*Problem to work on:* Print every entry exactly as it appears, but skip the pictures.

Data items

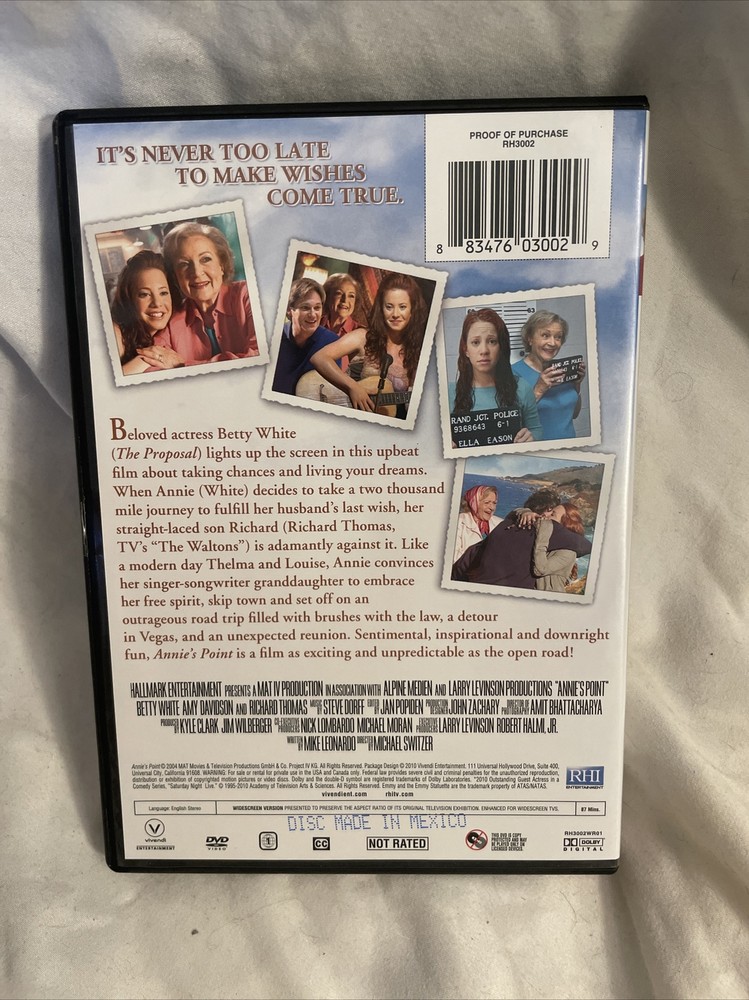 Annie's Point (DVD, 2010) 2005 Movie Betty White Richard Thomas Amy Davidson. Dvd, cover art and case included. Dvd looks good with just a few light scratches. Dvd guaranteed to play like new or returns always welcome. Dvd case looks good also with just some sticker residue on it.
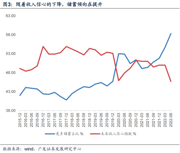 这一点有两个数据事实可以验证:一是居民的储蓄倾向与居民对未来收入预期明显负相关,我们以央行调查问卷报告中的“更多储蓄占比”作为储蓄倾向的代理变量,以“未来收入信心指数”作为收入预期的代理变量,会发现两者走势相反,2019年末至今,未来收入信心指数从53.1%降至45.7%,而“更多储蓄占比”从45.7%升至58.3%。
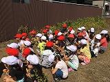 今日の2時間目に、1年生も初めて農園に行って、さつまいもの苗を植えました。ビニール袋の穴を広げたり、土に穴を空けて苗を植えたりするのが大変でしたが、頑張って植えることができました。これから毎日水やりをして、苗が根付くまでお世話していきたいと思います。
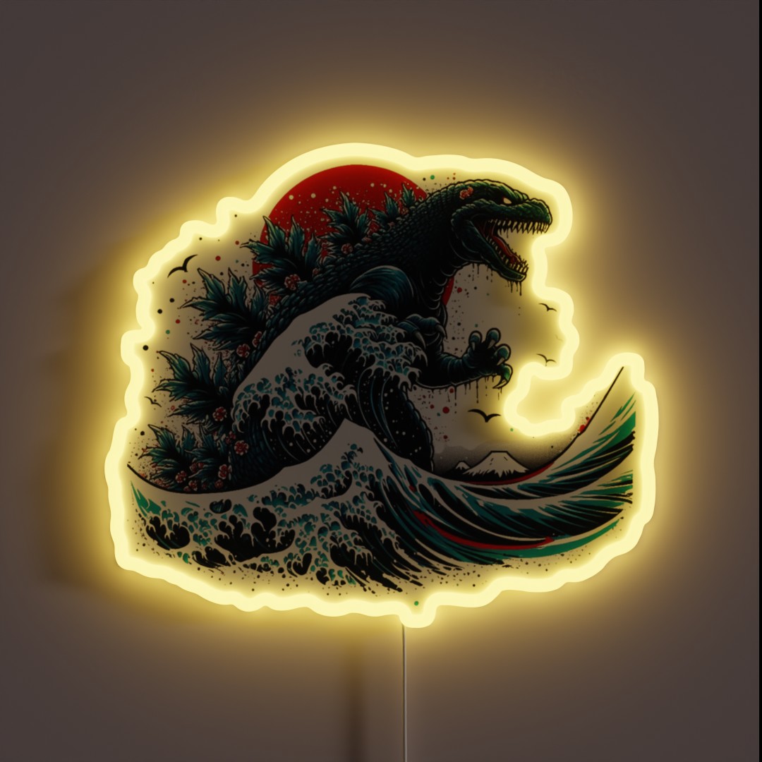 Vintage Japanese Godzilla Great Wave RGB Neon Sign
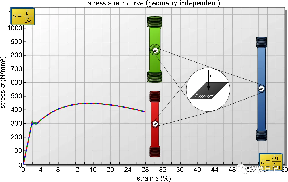 但是换算到应力和应变的关系后(图2),曲线就变得和几何尺寸没有关系了。
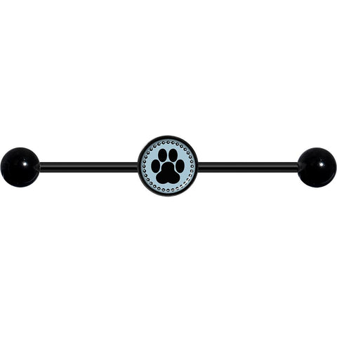 14 Gauge Black on Blue Paw Print Black Industrial Barbell 37mm
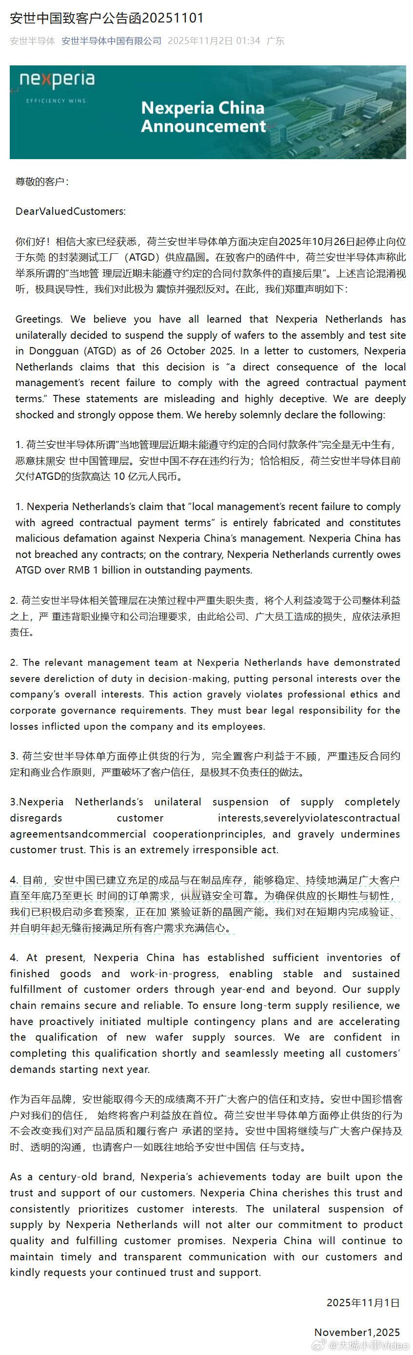 【安世半导体最新发声】11月2日,安世中国发布致客户公告函称,荷兰安世半导体单方面决定自2025年10月26日起停止向位于东莞的封装测试工厂(ATGD)供应晶圆。
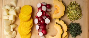 • On same baking sheet, toss squash, beets and radish with 2 tbsp. olive oil and salt and pepper to taste.

*Answer for the task:*
 Annie's Point (DVD, 2010) 2005 Movie Betty White Richard Thomas Amy Davidson. Dvd, cover art and case included. Dvd looks good with just a few light scratches. Dvd guaranteed to play like new or returns always welcome. Dvd case looks good also with just some sticker residue on it.
 这一点有两个数据事实可以验证:一是居民的储蓄倾向与居民对未来收入预期明显负相关,我们以央行调查问卷报告中的“更多储蓄占比”作为储蓄倾向的代理变量,以“未来收入信心指数”作为收入预期的代理变量,会发现两者走势相反,2019年末至今,未来收入信心指数从53.1%降至45.7%,而“更多储蓄占比”从45.7%升至58.3%。
 今日の2時間目に、1年生も初めて農園に行って、さつまいもの苗を植えました。ビニール袋の穴を広げたり、土に穴を空けて苗を植えたりするのが大変でしたが、頑張って植えることができました。これから毎日水やりをして、苗が根付くまでお世話していきたいと思います。
 Vintage Japanese Godzilla Great Wave RGB Neon Sign
 但是换算到应力和应变的关系后(图2),曲线就变得和几何尺寸没有关系了。
 14 Gauge Black on Blue Paw Print Black Industrial Barbell 37mm
 【安世半导体最新发声】11月2日,安世中国发布致客户公告函称,荷兰安世半导体单方面决定自2025年10月26日起停止向位于东莞的封装测试工厂(ATGD)供应晶圆。
 • On same baking sheet, toss squash, beets and radish with 2 tbsp. olive oil and salt and pepper to taste.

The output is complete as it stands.